[ASSIGNMENT]
For this task, output exactly the lines of the material below starting at the line with "Grey Longline Twill Coat" and ending at the line with "セクシーなホルターネックジャ"; pictures are to be excluded.

[MATERIAL PROVIDED]

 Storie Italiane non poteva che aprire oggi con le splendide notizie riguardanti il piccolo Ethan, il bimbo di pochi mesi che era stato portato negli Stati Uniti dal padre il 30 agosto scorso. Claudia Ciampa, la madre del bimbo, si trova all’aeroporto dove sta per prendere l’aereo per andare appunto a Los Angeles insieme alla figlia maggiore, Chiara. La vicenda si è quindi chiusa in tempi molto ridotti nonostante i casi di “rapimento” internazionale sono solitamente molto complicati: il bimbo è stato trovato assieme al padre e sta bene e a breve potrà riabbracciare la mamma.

...

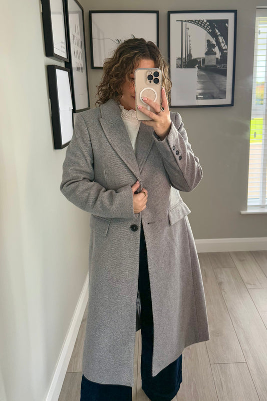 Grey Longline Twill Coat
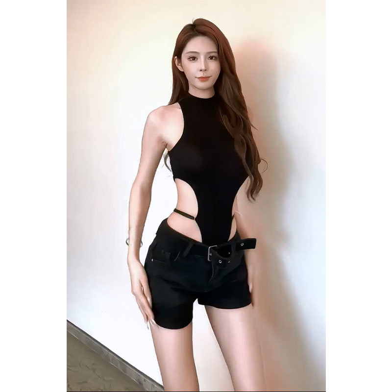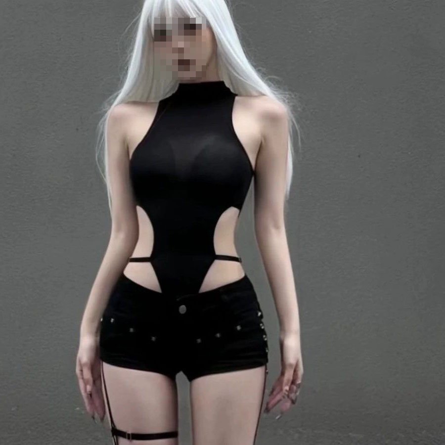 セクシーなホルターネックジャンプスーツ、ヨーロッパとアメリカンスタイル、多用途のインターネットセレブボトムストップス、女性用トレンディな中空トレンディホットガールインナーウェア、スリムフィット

[RESULT OF THIS EXERCISE]
 Grey Longline Twill Coat
 セクシーなホルターネックジャンプスーツ、ヨーロッパとアメリカンスタイル、多用途のインターネットセレブボトムストップス、女性用トレンディな中空トレンディホットガールインナーウェア、スリムフィット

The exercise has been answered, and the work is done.